Die Vereinbarung der Ehegatten hält sich im Rahmen der ihnen zustehenden Dispositionsbefugnis. Nach dem zwischen ihnen geschlossenen Vergleich wird das vom Ehemann erworbene Anrecht der Beamtenversorgung nicht über die Hälfte des Ehezeitanteils hinaus zugunsten der Ehefrau ausgeglichen. Die getroffene Verrechnungsvereinbarung führt vielmehr im Ergebnis lediglich dazu, dass der Ausgleich der Beamtenversorgung des Ehemannes teilweise und der Ausgleich der Anrechte der Ehefrau in vollem Umfang ausgeschlossen werden.

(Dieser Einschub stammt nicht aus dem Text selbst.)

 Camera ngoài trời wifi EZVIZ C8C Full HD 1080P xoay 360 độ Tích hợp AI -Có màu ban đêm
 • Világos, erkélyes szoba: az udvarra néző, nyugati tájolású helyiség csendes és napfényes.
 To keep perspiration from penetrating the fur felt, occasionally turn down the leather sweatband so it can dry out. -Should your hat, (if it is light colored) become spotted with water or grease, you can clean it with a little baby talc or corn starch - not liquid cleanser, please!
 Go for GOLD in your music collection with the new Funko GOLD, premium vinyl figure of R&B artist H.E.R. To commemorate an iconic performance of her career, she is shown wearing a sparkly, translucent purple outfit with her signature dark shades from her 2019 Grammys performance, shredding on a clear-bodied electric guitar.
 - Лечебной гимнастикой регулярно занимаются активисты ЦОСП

Diese Vereinbarung bewirkt bei der anzustellenden Gesamtbetrachtung auch keine höhere Versorgung des Ehemannes als dies bei Durchführung des Versorgungsausgleichs nach den gesetzlichen Vorschriften der Fall wäre.

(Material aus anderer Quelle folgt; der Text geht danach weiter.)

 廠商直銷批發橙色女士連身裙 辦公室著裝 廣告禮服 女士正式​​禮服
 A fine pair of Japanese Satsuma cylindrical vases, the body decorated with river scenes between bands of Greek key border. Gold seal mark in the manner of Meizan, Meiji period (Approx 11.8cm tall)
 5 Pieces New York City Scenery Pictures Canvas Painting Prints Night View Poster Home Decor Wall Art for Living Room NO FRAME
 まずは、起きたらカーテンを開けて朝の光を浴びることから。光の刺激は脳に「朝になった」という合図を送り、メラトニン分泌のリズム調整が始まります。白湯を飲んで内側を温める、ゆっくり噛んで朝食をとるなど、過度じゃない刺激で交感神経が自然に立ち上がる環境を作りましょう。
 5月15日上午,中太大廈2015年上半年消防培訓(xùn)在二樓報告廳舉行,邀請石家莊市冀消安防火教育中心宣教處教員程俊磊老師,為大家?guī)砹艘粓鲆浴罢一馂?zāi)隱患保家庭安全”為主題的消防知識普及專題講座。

Unschädlich ist auch, dass sich die Ehegatten dahin geeinigt haben, das Anrecht für die Ehefrau solle im Wege der externen Teilung in Form eines Kapitalwerts begründet werden. Zwar ist der Ausgleichswert, der zugunsten des ausgleichsberechtigten Ehegatten im Wege interner Teilung zu übertragen oder im Wege externer Teilung zu begründen ist, nach neuem Recht in der Bezugsgröße des Versorgungssystems auszudrücken, in dem das auszugleichende Anrecht erworben worden ist (§§ 5 Abs. 1 und 3, 10 Abs. 1 und 16 Abs. 1 VersAusglG). Dem kann jedoch dadurch Rechnung getragen werden, dass der nach dem Willen der Ehegatten auszugleichende (korrespondierende) Kapitalwert der Ausgleichswertdifferenz in die Bezugsgröße des vorliegend auszugleichenden Anrechts des Ehemannes umgerechnet wird. Bezugsgröße der Beamtenversorgung ist ein monatlicher Ruhegehaltsbetrag. Die Umrechnung hat auf dem umgekehrten Rechenweg zu erfolgen, den die OFD Niedersachsen bei der Umrechnung des ermittelten Ausgleichswerts des Anrechts auf Beamtenversorgung in einen korrespondierenden Kapitalwert verwendet hat und der in § 47 Abs. 3 VersAusglG vorgegeben ist, nämlich mit Hilfe der (für das Ende der Ehezeit maßgeblichen) Rechengrößen der gesetzlichen Rentenversicherung zur Umrechnung von Kapitalwerten in einen Rentenbetrag (Bekanntmachung der Umrechnungsfaktoren für den Versorgungsausgleich in der Rentenversicherung vom 3. Dezember 2010, BGBl. I S. 1764). Danach ergibt sich ein auf das Ehezeitende bezogener monatlicher Rentenbetrag von 634,48 € (140.502,33 € x 0,0001660211 = 23,3264 [Entgeltpunkte] x 27,20 [aktueller Rentenwert bei Ehezeitende]). In Höhe dieses monatlichen Betrages ist zulasten des beamtenrechtlichen Anrechts des Ehemannes für die Ehefrau eine gesetzliche Rentenanwartschaft zu begründen. Gemäß § 16 Abs. 3 S. 1 VersAusglG war ferner zu beschließen, dass dieser Ausgleichswert in Entgeltpunkte (als Bezugsgröße der Zielversorgung) umzurechnen ist.